Open mrgloom opened 6 years ago

mrgloom commented 6 years ago

As I can see in numpy example it appends maps with values in range [-1,1], but as I understand from paper they suggest i,j int coordinates of pixels.

akanimax commented 6 years ago

Hi @mrgloom, please refer to Section 3, paragraph 3 where it is mentioned that the coordinates are normalized to the [-1, +1] range before the conv operation is performed. I believe doing so helps the network work with immensely large images of the order of 1024 x 1024 without the threat of activations' explosion (in turn gradients explosion). I hope this helps.

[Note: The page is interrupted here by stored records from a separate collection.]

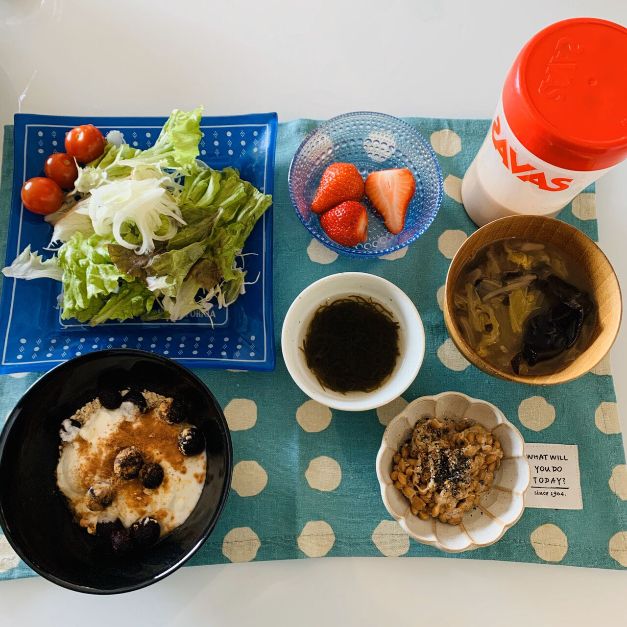 オートミール(きな粉、ブルーベリー、シナモン、ヨーグルトがけ)
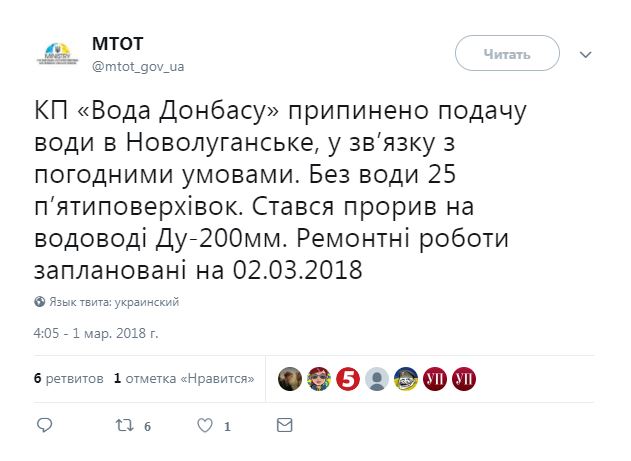 "Без воды 25 пятиэтажек. Произошел прорыв на водоводе Ду-200 мм. Ремонтные работы запланированы на 02.03.2018", - говорят в министерстве.
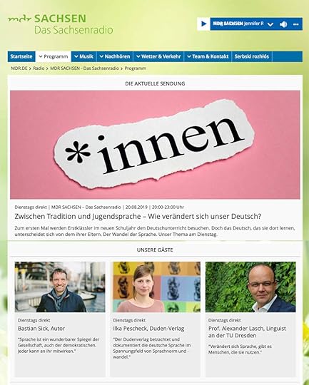 Dienstagabend (20.8.2019) unterhält sich mdr-Moderator Thomas Lopau mit den Gästen Ilka Peschek (Duden-Verlag), Professor Alexander Lasch (TU Dresden) und Bastian Sick (»Der Dativ ist dem Genitiv sein Tod«) anlässlich des Schulbeginns in Sachsen über den Wandel in der Sprache, über Modernismen, Jugendjargon und von »Politiker*innen« erzwungenes »politisch korrektes« Deutsch. Die Sendung dauert drei Stunden, es gibt also viel Redezeit.
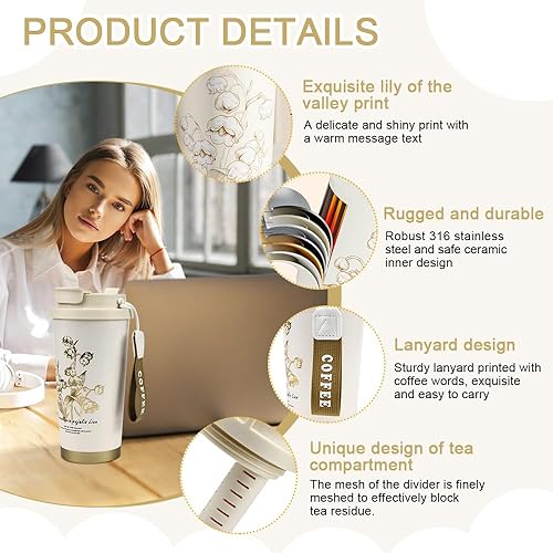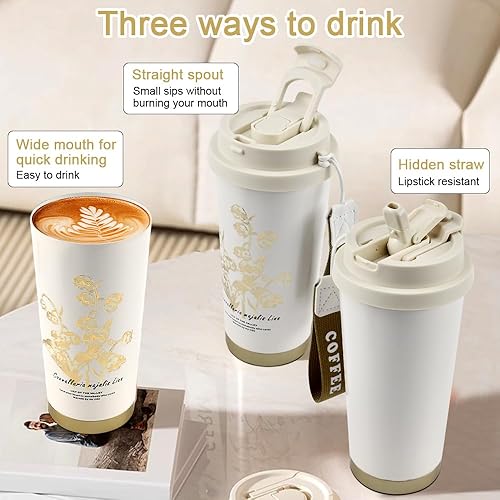 YBCCBY Tasse a Cafe Thermos Isotherme 530ML Thermo Coffee Mug-to-go Tasse Thermique à Emporter Thermos Café de Voyage Tasse Isotherme sans BPA en Céramique et Acier Inox pour pour les Boissons
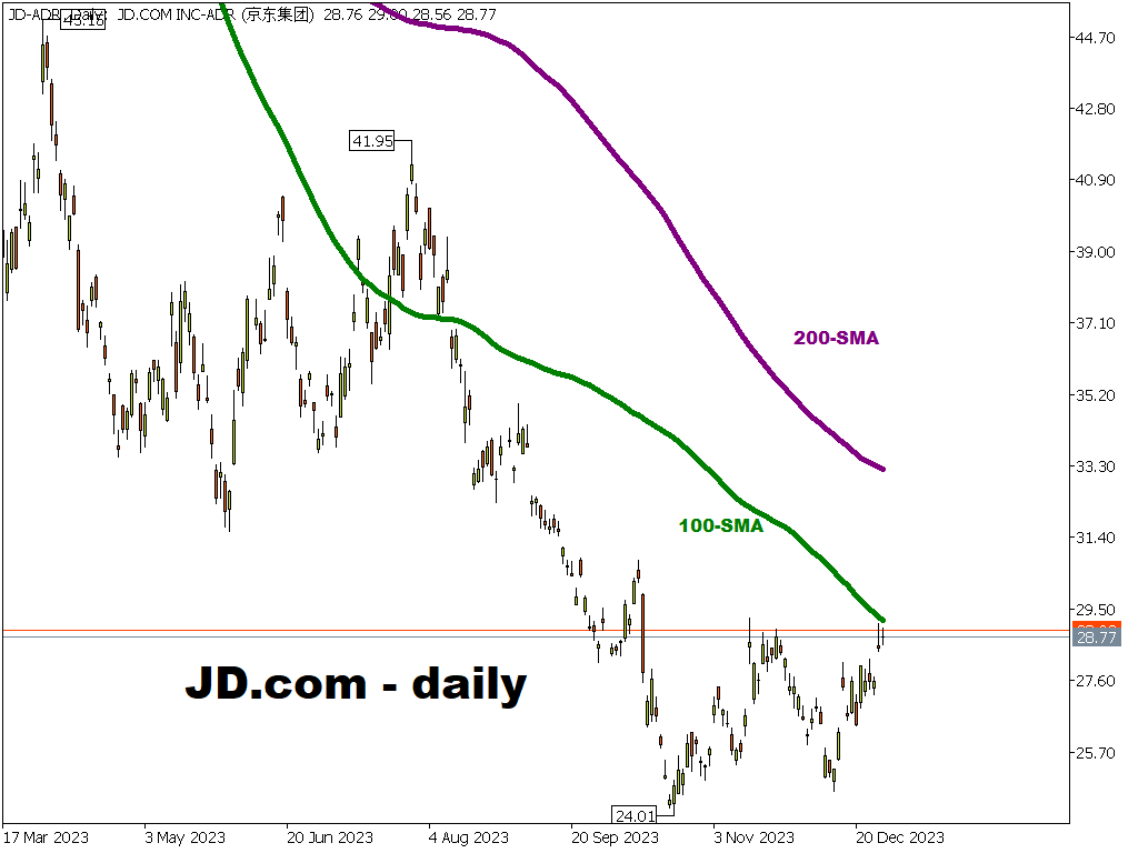 That suggests that JD.com shares could hit $43.56 by end-2024.
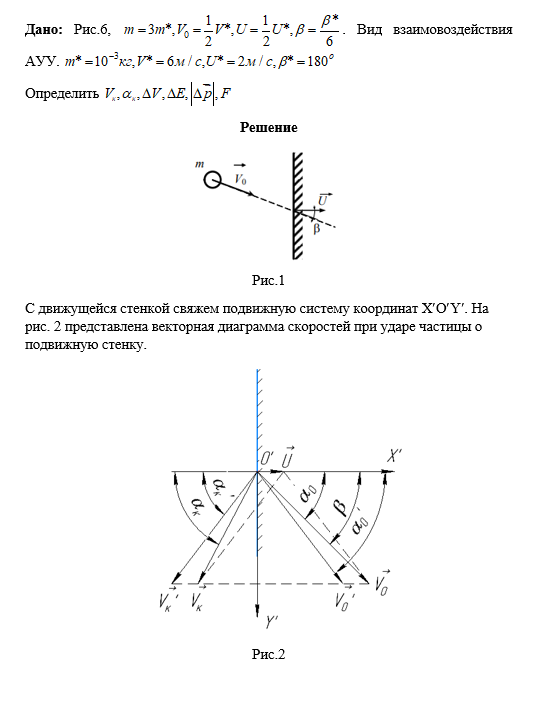 Гладкая частица сферической формы массой m, которую можно рассматривать как материальную точку, ударяется со скоростью Vo о гладкую массивную преграду, которая движется со скоростью U=const . Угол, образованный векторами Vo и U, равен b. Массу преграды считать бесконечной. На рис. 5, 6 преграда имеет форму плоской стенки, на рис.7 – форму острого конуса с углом раствора γ, а на рис. 8 – форму конуса сферической головной частью радиусом R. Удар частицы о сферическую поверхность происходит в точке А, расположенной под углом γ относительно оси преграды. При этом АО = R, .

Please let me know if you have any further queries.

Cheers! @akanimax

DpkApt commented 4 years ago

Hi @akanimax, for xx_channel you create a matrix where columns range from 0 to y_dim and that is repeated in every row. Then you divide by _xdim to convert to 0-1 range before multiplying with 2 and subtracting 1 to shift to [-1,1]. If its not the same y_dim (instead of xdim mentioned above) that you're dividing by it wouldn't be 0-1. The paper discusses only square images, so this wouldn't be a problem. Am i missing something? TIA for any help

akanimax commented 4 years ago

@DpkApt, I don't understand your question completely. here they do divide by the appropriate dimensions so that the code works for arbitrary image dimensions. Please let me know if you still have any further questions. The specific case I used was just as an example, in practice all you care about is to have the coordinates in the range [-1, 1].

Cheers :beers:! @akanimax

DpkApt commented 4 years ago

Ah you're right. I was looking at the code provided in the paper and in the official repo. The difference with the code you shared was xx_channel is formed with range(y_dim) in the official code and range(xdim) for yours. That was actually my point.